Kültür ve Turizm Bakanı Ertuğrul Günay zirvedeki konuşmasında "Turizm Türkiye'de bir başarı öyküsü. Dünyada çok önemli bir yere geldik. Dünyada 25 yıldır terörle mücadele eden ve aynı zamanda turizmde önemli bir yere gelen bir ülke olmak gerçekten kolay değil. 2009'dan bu yana Türkiye turizmi büyümeye devam ediyor.Türkiye'nin turizm gelirleri resmi rakamlardan daha yüksek seviyede. Gelişigüzel bir anketle elde edilen bilgiler bunlar. VIP'ler, yabancıların satın aldığı gayrimenkuller, CIP'ler bu istatistiklerde yok.
Eksik meblağ yaklaşık 5 milyar dolardır. Biz 25 - 30 milyar dolar parametresinde bir gelir elde ediyoruz. Biz Türkiye'ye en fazla gelir getiren sektörüyüz.2012'de kriz Avrupa'yı daha çok etkileyecek. Avrupa bizim için çok önemli. Bu dünyada daralma olursa bizim bunu bir yerden telafi etmemiz gerekiyor. Uzak pazarlara yönelik harekete geçmeliyiz. 2012 yılında Rusya'da, Çin'de ikinci müşavirlikleri açacağız. Turizmi çeşitlendirmek ve yüksek seviye gelir gruplarını çekmek istiyoruz. Bu da charter uçuşlarla olmaz. Tarifeli uçuşlarımızın artması gerekiyor. Doğayı, enerjiyi daha iyi kullanmamız gerekiyor.
Çevreci ünitelere destek vermeye başlayacağız. Biz Türkiye'nin tarihini ve doğasını korumazsak 2023'ü görürüz belki ama 2053'ü göremeyiz. Eğer dünyada ilk beşi zorlamak istiyoruz doğayı, tarihi, suyu ve kentsel dokuları korumalıyız. Rant hırsına, açgözlülüğe Türkiye turizmini teslim etmeyeceğiz. Yatırımcının önündeki engelleri de azaltmayı hedefliyoruz. Ancak kırmızı çizgimiz tarihi ve doğayı korumaktır.Kitle turizmi yapan bir ülke olduğumuzu bilip daha fazla toplumla ilişki kurmasını sağlamalıyız.
Kitle turizmi yapılan yerlerde toplumla bir kopukluk yaşanıyor. Kitle turizmi olan yerlerde bu kaçınılmaz. Ancak Anadolu'ya turizmi yayarken daha küçük işletmelere ağırlık vermeliyiz. Türkiye'de gelişen yeni turizm bölgeleri var. Türkiye'nin yeni 25 yıl pespektifinde daha küçük, hayatla daha iç içe bir anlayış geliştirmek gerekiyor. Toplumun turizmin faydalarını hissetmesini sağlayacak yeni açılımlara ihtiyacımız var.2012 yılının Türkiye için iyiliklere, güzelliklere ve barışa vesile olmasını diliyorum. Sıfır sorun politikası turizmimize çok katkı yaptı. Dilerim o günlere yeniden geri döneriz. Dünyanın her şeyden önce barışa ihtiyacı var."

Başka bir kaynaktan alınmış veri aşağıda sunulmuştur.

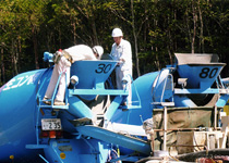モアークリートは、ごく少量・少作業で効果を発揮します。 添加量は生コン1㎥あたり0.8gで、投入後はミキサー車のアジテーター高速2~3回転で添加作業は完了します。

Tanıtma Genel Müdürü Cumhur Güven Taşbaşı ise şunları kaydetti:
"2009'dan beri dünya ortalamasının üzerinde büyüyoruz. 2011 yılında dünyada 980 milyon kişi seyahat etti ve büyüme oranı yüzde 4,4 oldu. Avrupa yüzde 6 büyüdü, Türkiye ise yüzde 9,8 büyüdü. Avrupa'nın en çok büyüyen turizm ülkesi Türkiye oldu. Hırvatistan ve İspanya'yı geride bıraktık. Bu başarıda Türkiye'de bütün karar alıcıların birlikte hareket etmesi en büyük etkendir. Bu çalışma tarzını devam ettirmenin gerekli olduğunu düşünüyoruz. Turizm sadece devlet, sadece özel sektör ya da yerel yönetimler tarafından yapılamaz.Avrupa'da ekonomik, Ortadoğu'da siyasi kriz var. Komşularımızın başarısızlığı üzerinden plan yapmıyoruz. Turizm bir barış projesidir. TUI ve Thomas Cook ile görüşmelerimizde bize Avrupa'da iki büyük turizm ülkesi bizim için çok önemli. Biri İspanya, biri Türkiye dediler. Türkiye'yi Avrupa'nın en önemli iki ülkesinden biri olarak gördüklerini söylediler. Biz de Türk turizmini sübvanse etmeye, tur operatörlerine destek vermeye devam edeceğiz." TÜSİAD Başkanı Ümit Boyner, 'Derinleşen Global Krizde Türk Turizmi İçin Riskler ve Fırsatlar' konulu 2012 Türkiye Turizm Zirvesi'nde şu mesajları verdi:
Zeynep SİLAHTAROĞLU
"Turizm Türkiye'nin en büyük hizmet sektörü. 2010 yılında oluşturduğumuz çalışma grubu ve Grup Bakanı Zeynep Silahtaroğlu'nun da çabalarıyla TÜSİAD bundan böyle sektöre daha yakın duracak. Dünya turizmi yaşanan tüm sıkıntılara rağmen 2011 yılında büyümeye devam etti. 2012 yılında krizin dünya turizmine etkilerini dikkatle irdelemeliyiz.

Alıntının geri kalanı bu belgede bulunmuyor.